A particle moves under the action of a variable force \(F = (3x^2 - 2x + 5)\) in Newtons from \(x = 0\) to \(x = 2\) meters. The work done by the force is:

• A. \(10 \text{ J}\)
• B. \(12 \text{ J}\)
• C. \(14 \text{ J}\)
• D. \(16 \text{ J}\)

Hint:

For variable force calculations, look closely at the lower limit. If the lower limit is \(0\) and the expression is a simple polynomial, the entire lower limit evaluation becomes \(0\), saving you time during exams.

Answer 1

The Correct Option is C

Concept: When a force varies with position \(x\), the work done (\(W\)) cannot be computed using simple multiplication (\(F \cdot d\)). Instead, it must be determined by integrating the force function over the interval of displacement: \[ W = \int_{x_i}^{x_f} F \, dx \] We will apply standard polynomial integration rules: \(\int x^n \, dx = \frac{x^{n+1}}{n+1}\) and \(\int k \, dx = kx\). Step 1: Setting up the definite integral with the given limits.
The particle moves from the initial position \(x_i = 0\) to the final position \(x_f = 2\). Substituting the force function \(F = 3x^2 - 2x + 5\): \[ W = \int_{0}^{2} (3x^2 - 2x + 5) \, dx \]

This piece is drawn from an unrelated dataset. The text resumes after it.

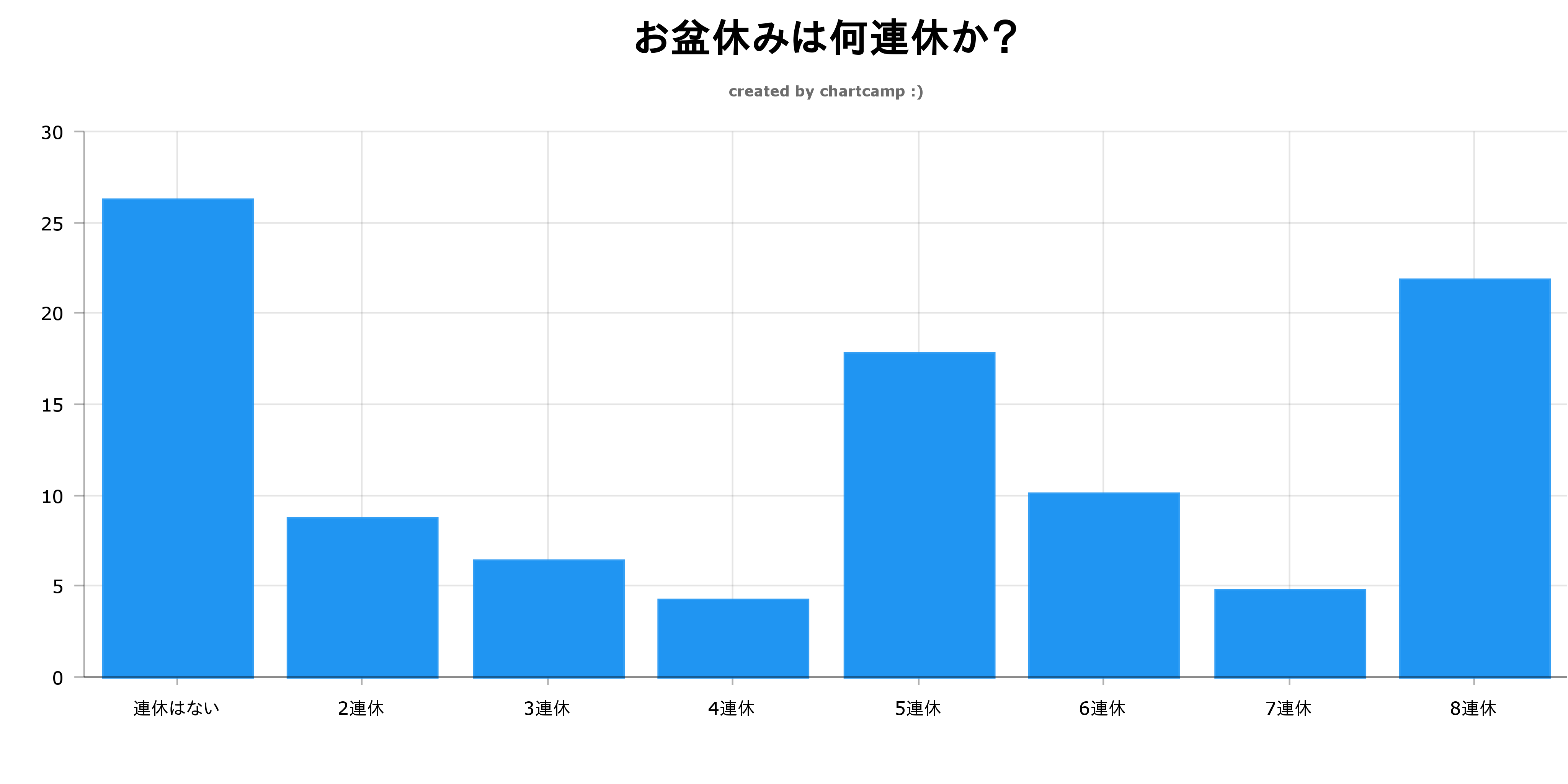 (就業中の人)お盆休み期間は最大何連休ですか? 【調査概要】 調査タイトル:「お盆の過ごし方」に関するアンケート調査 調査対象:10代~70代の男女890名...

Step 2: Integrating the expression term by term.
\[ W = \left[ 3\left(\frac{x^3}{3}\right) - 2\left(\frac{x^2}{2}\right) + 5x \right]_{0}^{2} \] Simplifying the coefficients: \[ W = \left[ x^3 - x^2 + 5x \right]_{0}^{2} \]

Step 3: Substituting the upper and lower limits.
Substitute the upper limit (\(x = 2\)): \[ W_{\text{upper}} = (2)^3 - (2)^2 + 5(2) = 8 - 4 + 10 = 14 \] Substitute the lower limit (\(x = 0\)): \[ W_{\text{lower}} = (0)^3 - (0)^2 + 5(0) = 0 \] Subtracting the lower limit value from the upper limit value: \[ W = 14 - 0 = 14 \text{ J} \]